Clinical Manifestations of Sporotrichosis
Lymphocutaneous infection
- It is Sporotrix schenckii's most frequent symptom.
- The hands and arms, lower limbs, trunk, and face all have lesions.
- Within the first several weeks after a fungal inoculation, primary lesions appear.
- Small nodules that develop into ulcers are the lesions.
- The lesions are non-pruritic and somewhat uncomfortable.
- The lymphatics are affected by new nodules that spread and ulcerate.
- The lymph nodes may swell and hurt if lymphangitis develops.
Cutaneous Infection
- The suppurative and granulomatous inflammatory reaction in the dermis and subcutaneous tissue is frequently caused by Sporothrix schenckii.
- Microabscess, fibrosis, hyperkeratosis, parakeratosis, and pseudoepitheliomatous hyperplasia are its defining features.
Fixed Cutaneous Infection
- This is the growth of a single lesion that would typically appear on the face.
- The lesion might be verrucous or ulcerated.
- Only antifungal medication can make the lesion go away.
Osteoarticular sporotrichosis
- Sporotrichosis is an uncommon illness that often affects drinkers.
- Septic arthritis, which develops as a result of traumatic inoculation and spreads to the joints, is what distinguishes it.
- Carpal tunnel syndrome can be accompanied with bursitis and tenosynovitis.
Pulmonary sporotrichosis
- It is an infection, either subacute or chronic.
- People with Chronic Obstructive Pulmonary Disease (COPD) frequently experience it.
- After conidia are inhaled, it happens.
- Fever, exhaustion, loss of weight, coughing, sputum production, and hemoptysis are its hallmark symptoms.
- Infected people frequently have TB, atypical mycobacterial infection, or chronic cavitary pulmonary histoplasmosis.
Diagnosis of Sporotrichosis
Specimen: Tissue biopsy, pus from lesions, sputum, urine, blood, and cerebrospinal and synovial fluids.
Direct Examination
- 10% potassium hydroxide (KOH) wet mount to observe for budding yeast cells
- Gram staining stains the yeast cells gran positive.
- Sporothrix schenckii conidiophores and conidia
Histological Examination
- Hematoxylin and eosin (H&E) stain,
- Gomori methenamine silver (GMS)
- Periodic acid-Schiff (PAS) stain
Cultural Examination
- Growth happens in 5-7 days at 25°C on saboraud agar with chloramphenicol and on medium with cycloheximide, such mycobiotic agar, creating filamentous hyaline colonies that get black at the centre as the culture ages.
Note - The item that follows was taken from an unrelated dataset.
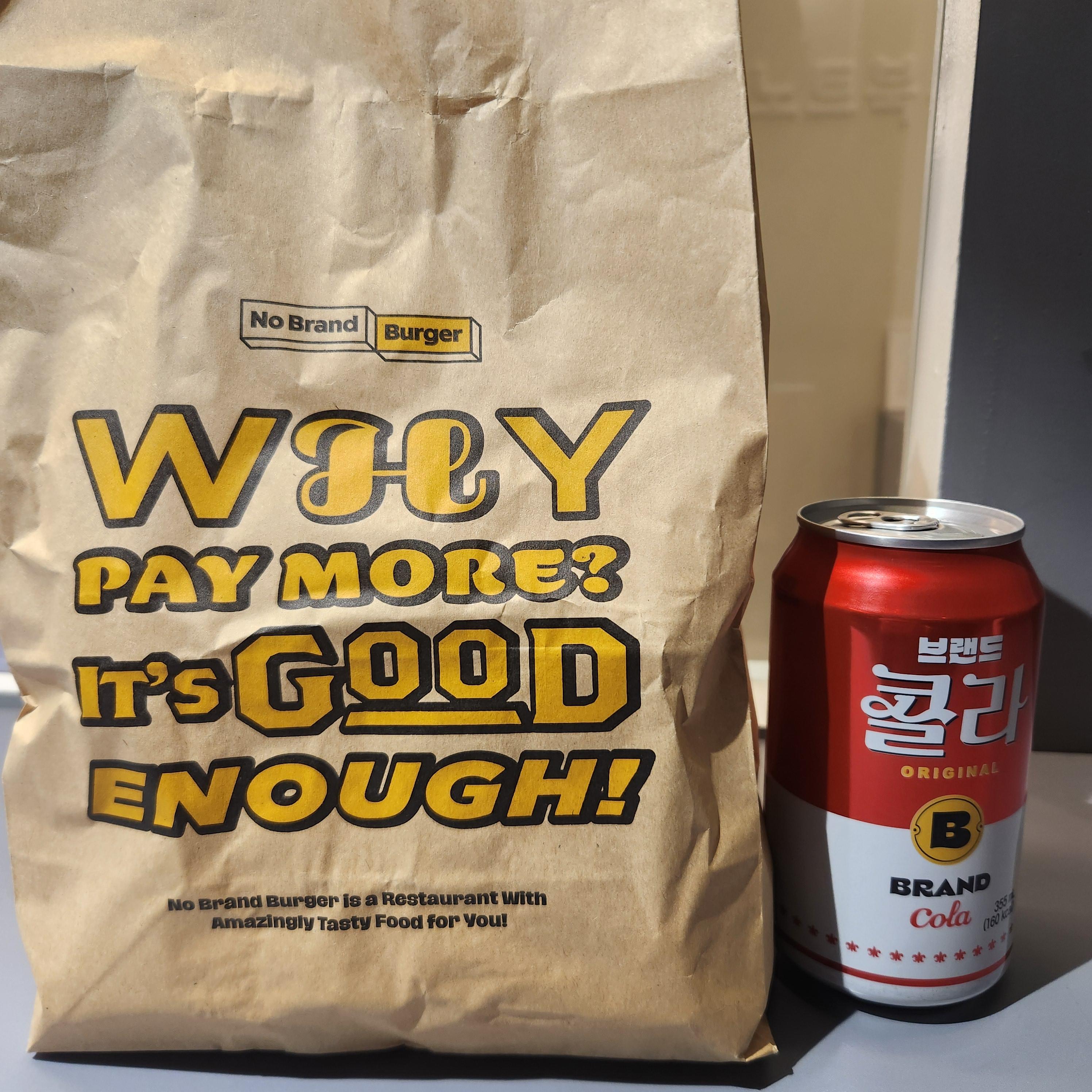 노브랜드 버거는 세트 포장 시 자사 브랜드인 캔 콜라를 제공해 줍니다.

Additionally, dematiaceous conidia are seen.
- To demonstrate conidiogenesis, potato dextrose agar and cornmeal agar are utilised.
- Heart and Brain Infusion At 35 to 37°C, agar, chocolate agar, and blood agar are utilised to demonstrate dimorphism. Within 5-7 days, colonies grow to generate yeast cell colonies that range in colour from creamy and yellow to tan.
Molecular Detection
- Detection of PCR amplicons
- Oligonucleotide primers for differentiation of Sporortrix schenckii from other fungal species.
Serological Test
A high titer agglutinin antibody test is performed in a test tube.
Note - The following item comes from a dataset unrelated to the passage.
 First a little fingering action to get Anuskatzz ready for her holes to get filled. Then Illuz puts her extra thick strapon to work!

Antigen-coated latex particles are used in latex agglutination to find sporotrichin antigen in patients' serum
Sporotrichin Skin Test
- This examination is designed to find cellular immune responses with delayed hypersensitivity.
- It has the ability to identify and confirm both recent and old Sporothrix schenckii infections.
- Bulbar conjunctival sporotrichosis has been diagnosed using the sporotrichin skin test.
Treatment of Sporotrichosis
- Oral administration of a saturated solution of potassium iodide
- Itraconazole is currently the first-choice treatment
- Systemic infection can be treated with amphotericin B
Prevention and Control of Sporotrichosis
- putting on safety gear like gloves and long sleeves when performing high-risk tasks like handling sphagnum moss, wires, rosebushes, hay bales, conifer (pine) seedlings, or other items that might promote the exposure to the fungus
- To stop the spread of zoonotic diseases, sporotrichosis in cats must be properly treated and housed in isolation.